Chan ellerini dizlerine koyup nefeslenirken karşısında çevresine gülücükler saçan siyah saçlı oğlanı izledi. Yalan mı söylemişti yani ağladığına dair? Chan'ın ne kadar panik olduğunu bildiği hem de?
"Bu sefer, bak bu sefer kimse alamaz seni elimden."
"Ya!" Felix kaşlarını çatarak sandalyeden bir hışımla kalkıp, hyunguna sarıldı. "Rica etsem gelmezdin."
"Hayır gelirdim, yalan söyleme daha fazla. Burnun uzayacak."
"Yalan değil ki, gelmezdin. Çünkü sadece ikimiz olmayacağız."
"O ne demek?"
Chan farkında olmadan kaşlarını çatarken, tekrar zil sesi yankılandı. Felix, arka tarafta olan birilerine (?) el sallarken Chan henüz şoktan çıkamamıştı. Derin bir nefes alarak arkasına döndürdü kafasını.
Pekâlâ, gelenleri tanıdığını sanmıyordu. Felix'in arkadaşları mıydı?
"Minho hyung! Jungmo!"
"Jungmo'ya neden hyung demiyorsun?"
"Jungmo'yla sadece aramızda ay olarak fark var, neden ona hyung diye seslenmek zorundayım ki?"
Jungmo ikilinin arasındaki keskin çatışmayı eliyle bölüyormuş gibi yapıp, sağ kolunu Felix'in beline dolayarak kendine çekti. "Felix bana istediği gibi seslenebilir, bu seni neden ilgilendiriyor anlamadım Minho-ssi."

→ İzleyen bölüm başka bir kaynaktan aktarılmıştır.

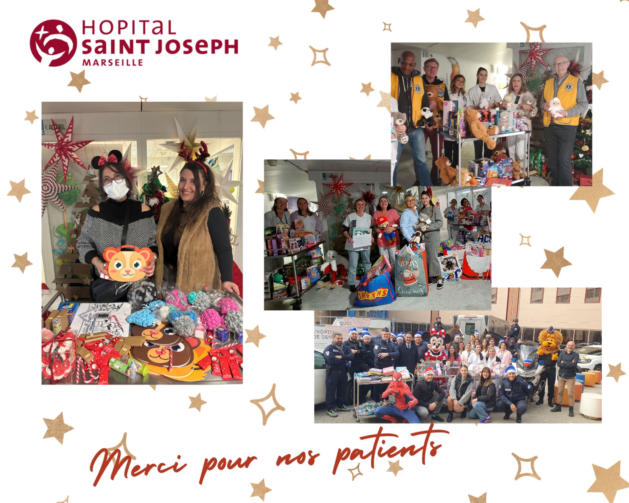 Le Rotary, le Lions Club Marseille, l’association Un Cadeau Pour la Vie, l’association Partenaires Police 13, l’association A Cœur Ouvert, et l’agence immobilière Le Comptoir de l’Immobilier ont montré toute leur générosité en amenant de nombreux cadeaux aux service Pédiatrie, Chirurgie Pédiatrique, Médecine Néonatale, et Cardiologie afin que les patients passant Noël à l’Hôpital bénéficient de l’esprit de Noël. Un grand merci à eux.

Minho ellerini havaya kaldırıp geri çekildi. "Tamam tamam, demedim bir şey. Siz ikiniz bir daha bir araya gelmeyin, iki kat yoruyorsunuz insanı."
Minho gülümseyip gözlerini devirdi ve her zaman oturduğu asil köşesine ilerledi fakat o yere biri oturmuştu çoktan. "Affedersiniz bayım, buradan kalkmanızı rica etsem kaba mı olur?"
Chan yumruk yaptığı eline yasladığı kafasını dikleştirerek iki yana salladı başını. "Ah hiç de bile, o kadar boş yer varken benim oturduğum yerden kalkmamı isteyecek kadar önemli olmalı sanıyorum sizin için."
"Yo hayır, zevkine kaldırıyorum aslında sizi. İnsanları rahatsız etmekten zevk alan birisiyim."
Minho aşırı ciddiyetle konuştuğunda Chan öylece kalakalmıştı. Acaba onunla dalga geçiyor olabilir miydi? Minho, yaptığı şaka yüzünden kendini kötü hissedip kahkaha attı. "Ah ben, ben üzgünüm. Bu benim espri anlayışım gibi bir şey ve beni tanımadığınız için böyle tepki vermiş olmanız çok doğal. Dalga geçiyordum, kusuruma bakmayın."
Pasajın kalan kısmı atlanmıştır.